### Data for processing

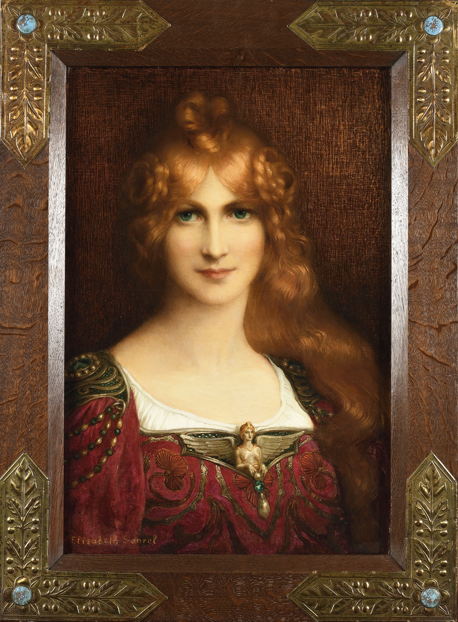 Portrait rêvé, notre tableau est doté d’une énergie plus profonde. Les bijoux or et vert qui parent la jeune femme lui confèrent une touche de mystère. Le haut de ses manches est recouvert d’ornements en métal précieux tandis que le corsage est rehaussé d’un grand bijou en forme d’un buste de femme nue aux grandes ailes déployées et qui soutient un pendentif formé d’une émeraude et d’une perle. Celle-ci a le regard impénétrable et la gravité d’une sphinge, mais ses mains visibles contredisent cette supposition. Élisabeth Sonrel faisait parfois reproduire certaines pièces de joaillerie à partir de ses dessins. Aussi, le choix des bijoux dans ses tableaux n’est jamais anodin. Ici, la créature fabuleuse fait de la dame une figure ambivalente entre sagesse et séduction, impression renforcée par son regard bleu-vert, de la même couleur que la pierre tenue par la créature ailée.
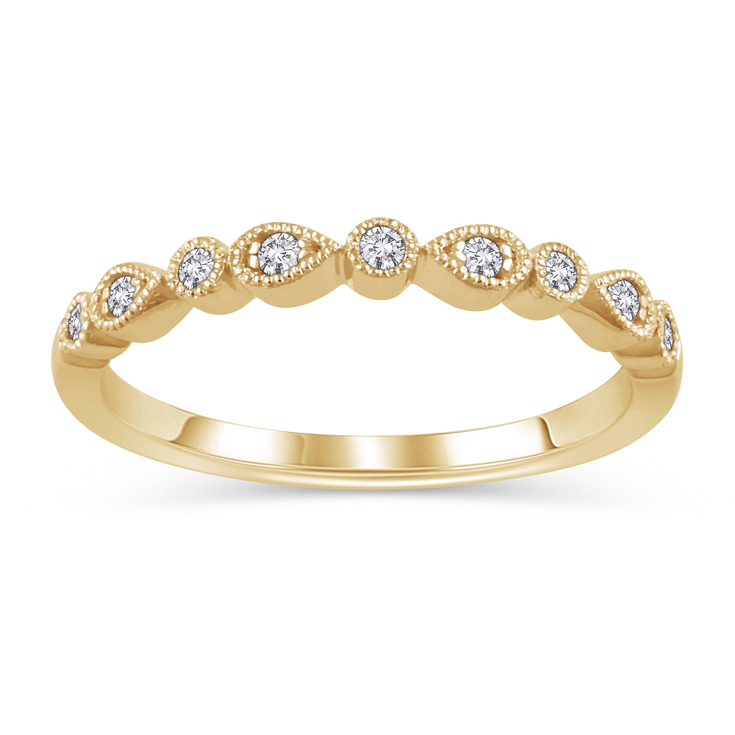 14KT Yellow Gold Scalloped Miligrain Diamond Stackable Band With 9 Round Natural Diamonds Totaling .10cttw (H Color - SI2 Clarity)
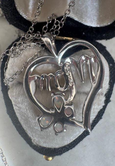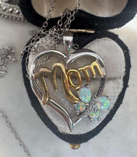 Heart Design Opal Stones "Mom"
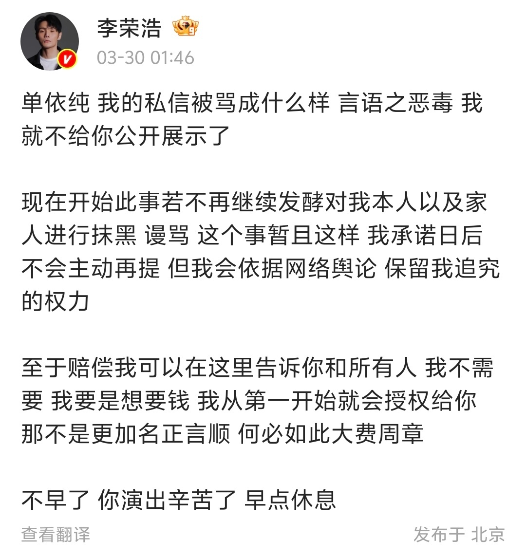 【单依纯就侵权李荣浩道歉】单依纯说错误全在我与任何人无关3月30日凌晨,发长文
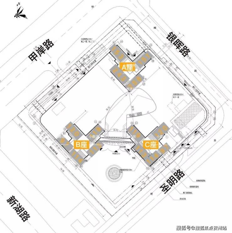总建面约 10.56万㎡,商业建面约 1.15万㎡,住宅共有 三栋塔楼,建面约 4.86万㎡,三栋住宅 一层二层为商业,三层以上为住宅。
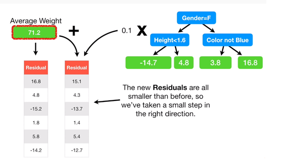 ▶ 이제 예측 값이 업데이트가 되는데, overfitting을 막기 위해, learning rate가 곱해진다.

######

#### What the task requires
Copy out, without any pictures, the lines of the records above from the one containing "14KT Yellow Gold" through the final line, both ends included.

#### Answer
 14KT Yellow Gold Scalloped Miligrain Diamond Stackable Band With 9 Round Natural Diamonds Totaling .10cttw (H Color - SI2 Clarity)
 Heart Design Opal Stones "Mom"
 【单依纯就侵权李荣浩道歉】单依纯说错误全在我与任何人无关3月30日凌晨,发长文
总建面约 10.56万㎡,商业建面约 1.15万㎡,住宅共有 三栋塔楼,建面约 4.86万㎡,三栋住宅 一层二层为商业,三层以上为住宅。
 ▶ 이제 예측 값이 업데이트가 되는데, overfitting을 막기 위해, learning rate가 곱해진다.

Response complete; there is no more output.